Transcription factors with highest matrix scores that bind to sequences within the promoter (ID GXP_1499160) are shown below:
- STAT (signal transducer and activator of transcription)
- Muscle TATA box
- NOLF (neuron-specific olfactory factor)
- XCPE (X gene core promoter element 1)
- CTCF (CCCTC-binding factor)
- HDBP (Huntington's disease gene regulatory region)
- OCT1 (octamer binding protein)
- E2FF (E2F-myc activator cell cycle regulator)
- ZF57 (KRAB domain zinc finger protein 57)
- ZF07 (Cys_{2}His_{2} zinc finger transcription factor 7)
- EGRF (EGR/nerve growth factor induced protein)
- CDEF (cell cycle dependent element - CDF-1 binding site)
- AP2F (activator protein 2)

Proteins

Potential interacting proteins include: YWHAZ, YWHAQ, RUVBL1, and REPS1.

== Clinical significance and Current bioinformation ==
While the exact function of WWC2 remains unknown, several mutations and variants of WWC2 have been researched in disease.

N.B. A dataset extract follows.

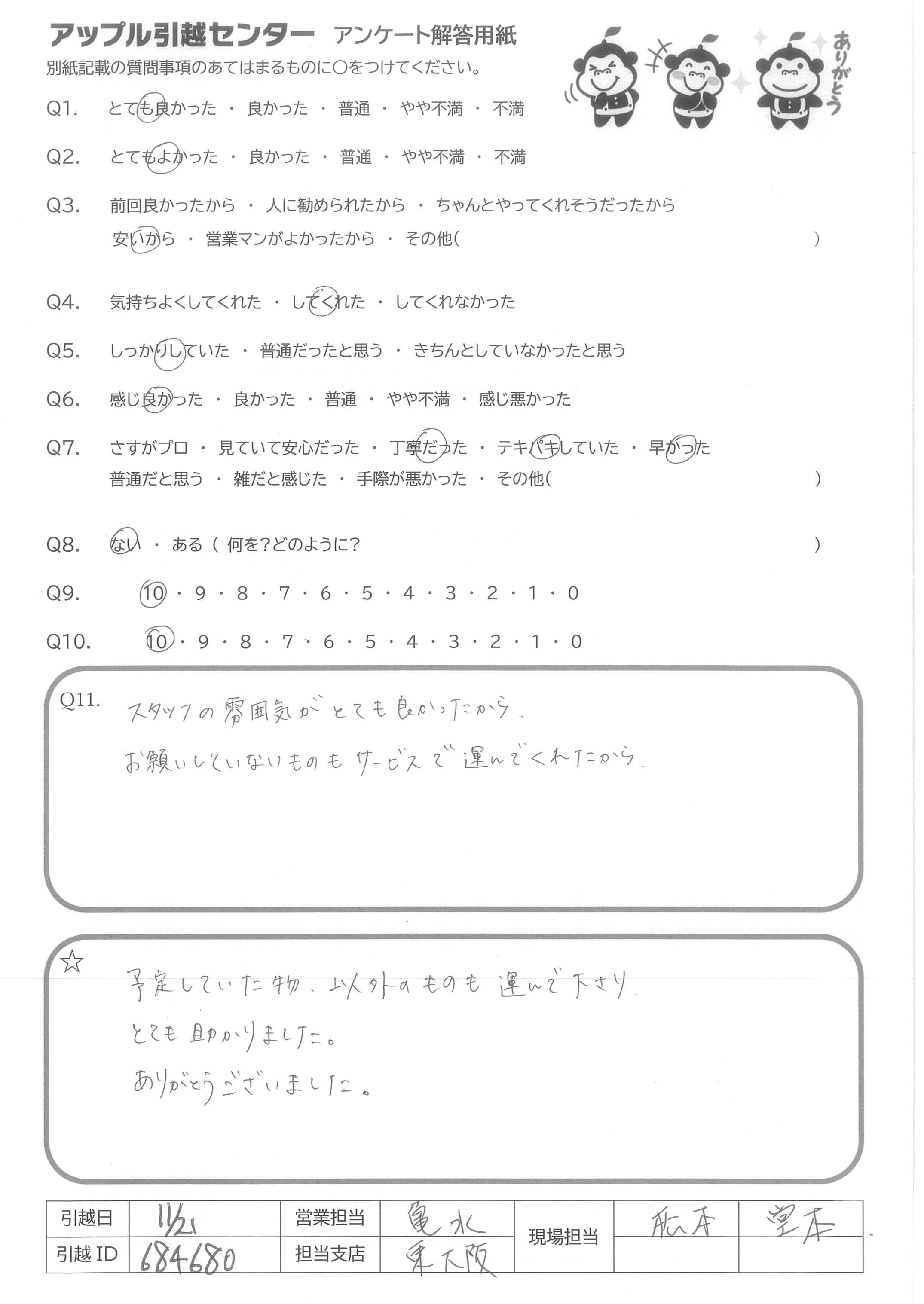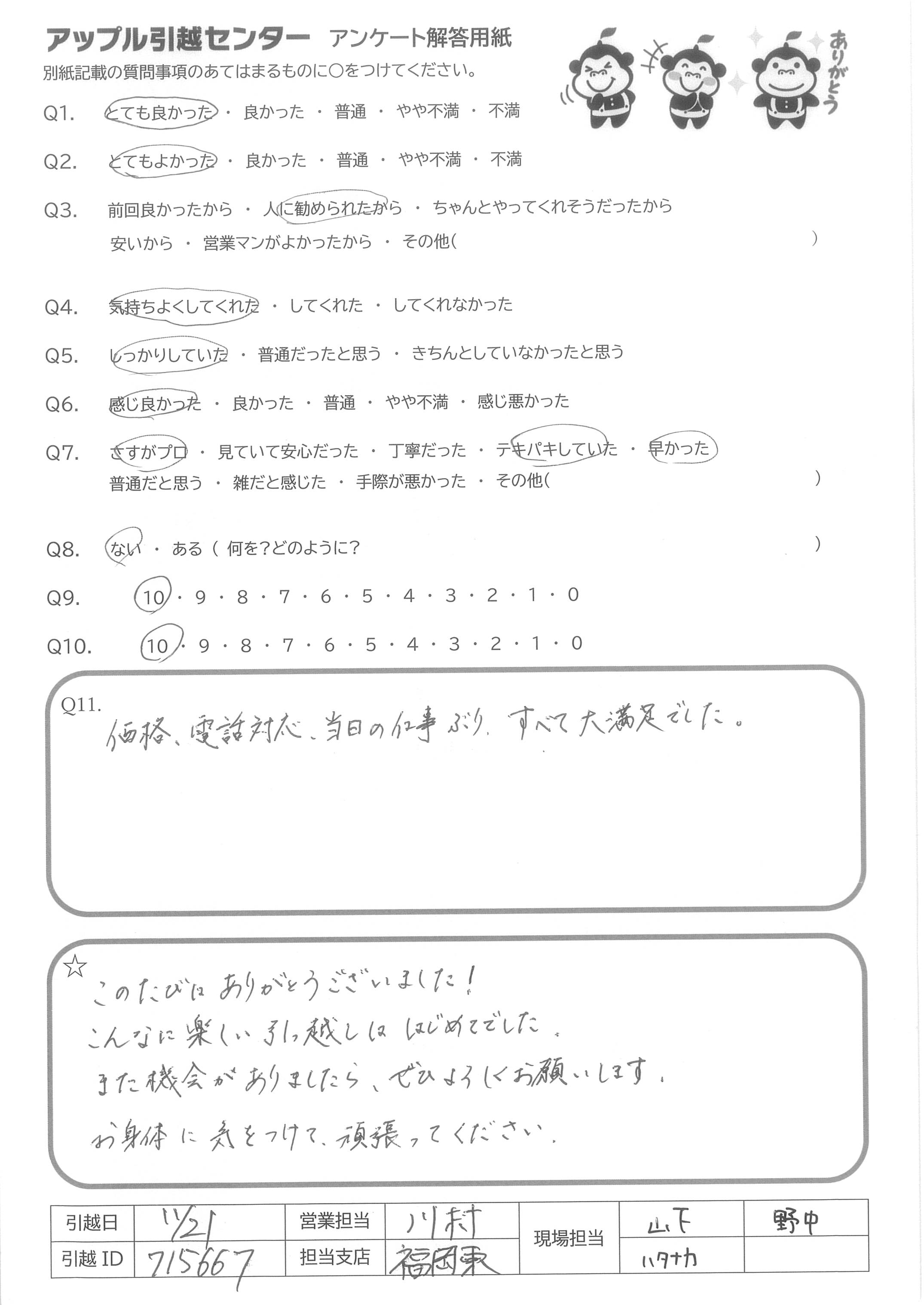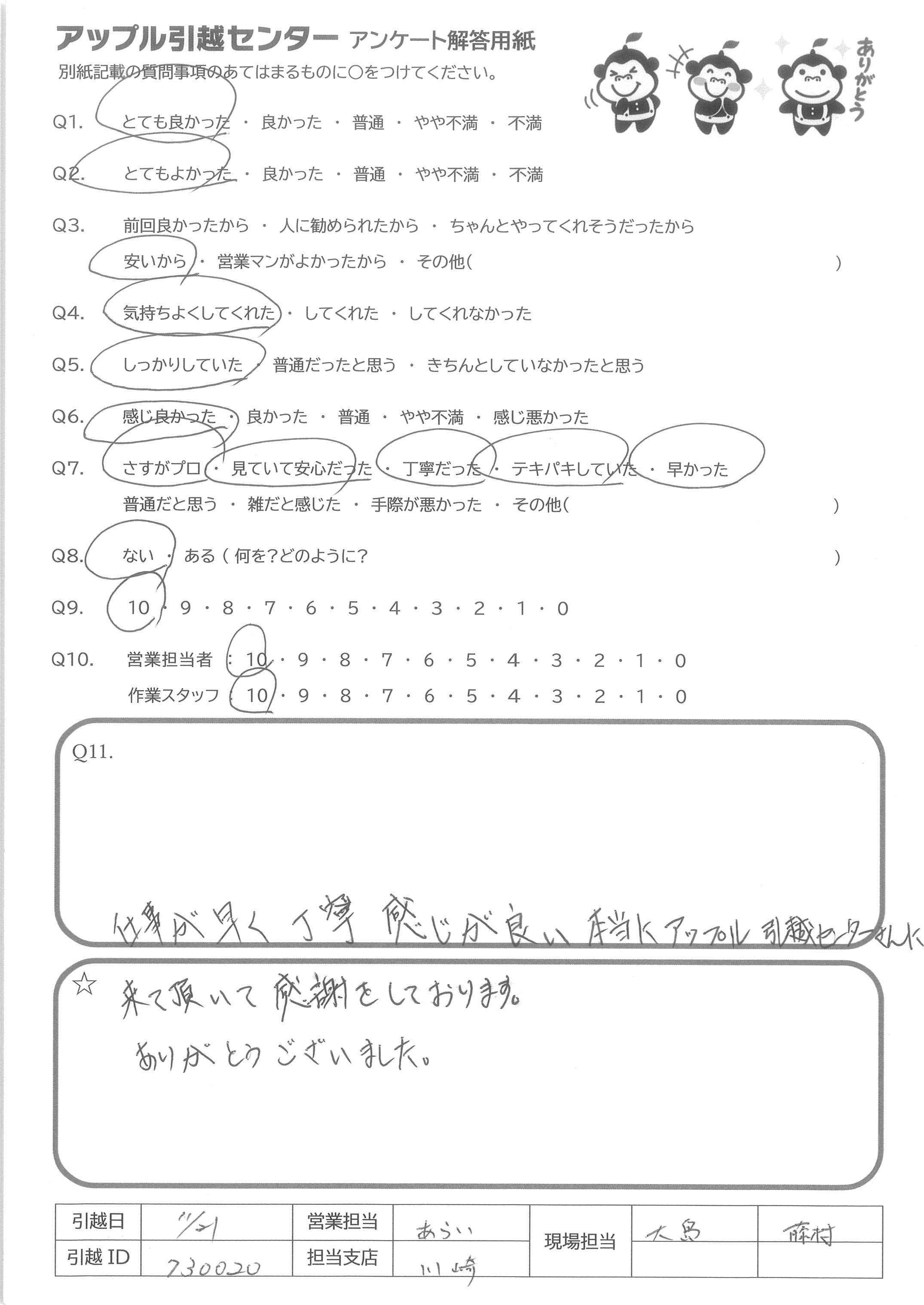 A.まず、引越しをアップルさんに依頼し、出口さんに担当頂き、本当に良かったと思っています。物損はあったものの、当日の丁寧な対応や、その後の電話対応も含めて、信頼のおけるプロの対応だなと感じました。 勿論、担当くださった社員様によって、おそらく多少の開きはあれど、御社として徹底されている企業努力と、社員様の意識の高さが見られた気がしています。 私自身、一企業に勤める身として、普段の対応のひたむきな姿勢と、有事の際の真摯さがあってこそ、ファンになってもらえるのだなと感じました。 また引っ越しの際は御社に依頼したいと思います。 御社の企業体質が継続して良い方向に向かえば、より多くの方に喜んで頂けると思います。ありがとうございました。
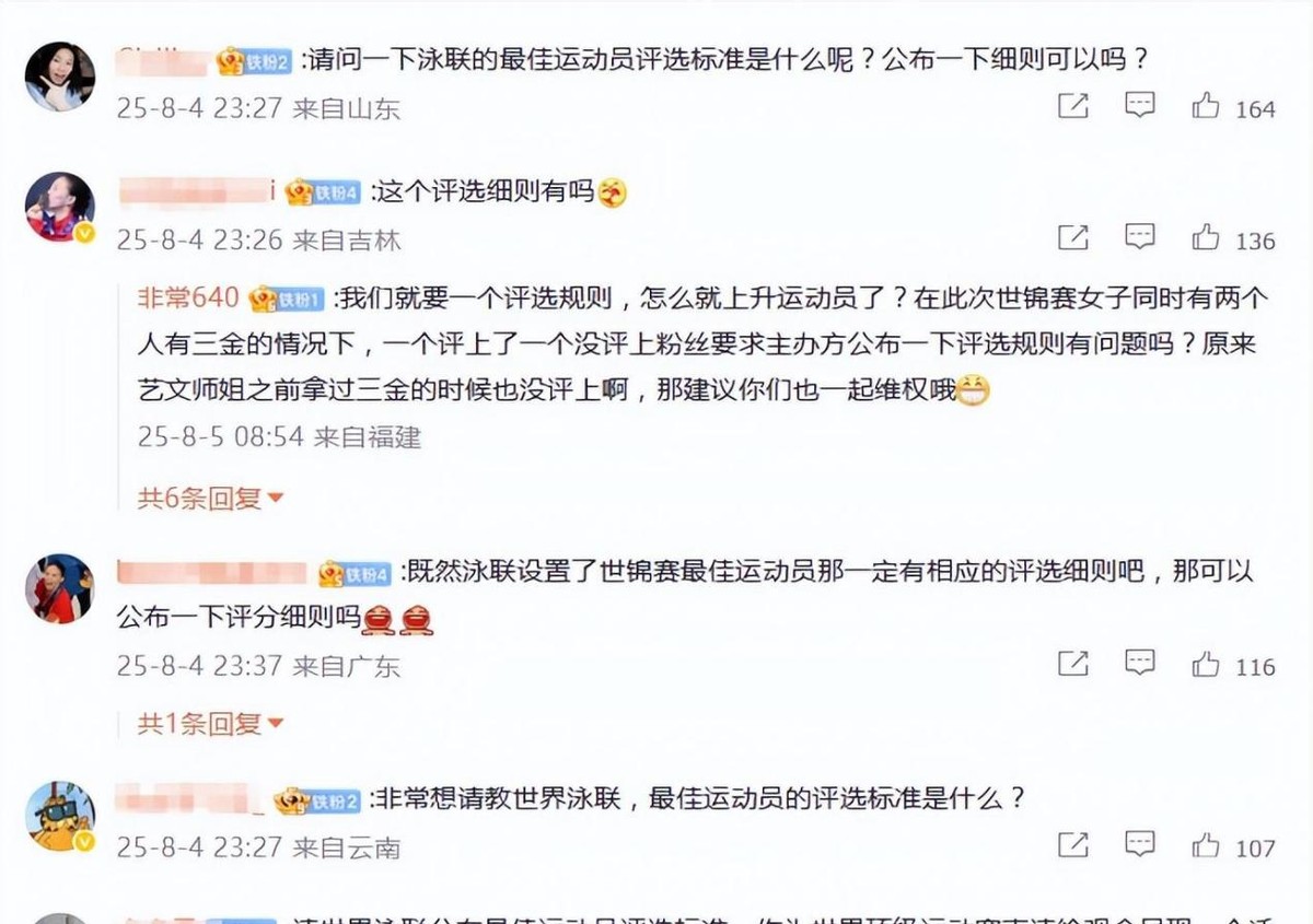 这奖一发出来,网上好多支持陈芋汐的人就有点坐不住了,心里头直犯嘀咕。大家也不是说陈艺文不配拿,人家也是世界冠军,就是想不通这评选到底是按啥标准来的。俩人都是三块金牌,功劳簿上都写得满满的,为啥最后是她不是她?很多人都希望官方能出来把规矩讲讲清楚。

A novel missense mutation in WWC2 was analyzed in Restless Leg Syndrome, but was not identified as a candidate gene. One study examined the role of Drosophila KIBRA (WWC1) in the Expanded-Hippo-Warts signaling cascade, which is involved with tumor suppression. The study stated that copy number aberration, translocation, and point mutations of WWC2, as well as other genes, should be further investigated in human cancers. WWC2 alias, BOMB, was researched in a grant suggesting that BOMB, along with two other genes (APOL6 and APOL1) promoted cell death in p53-null HCT116 cells.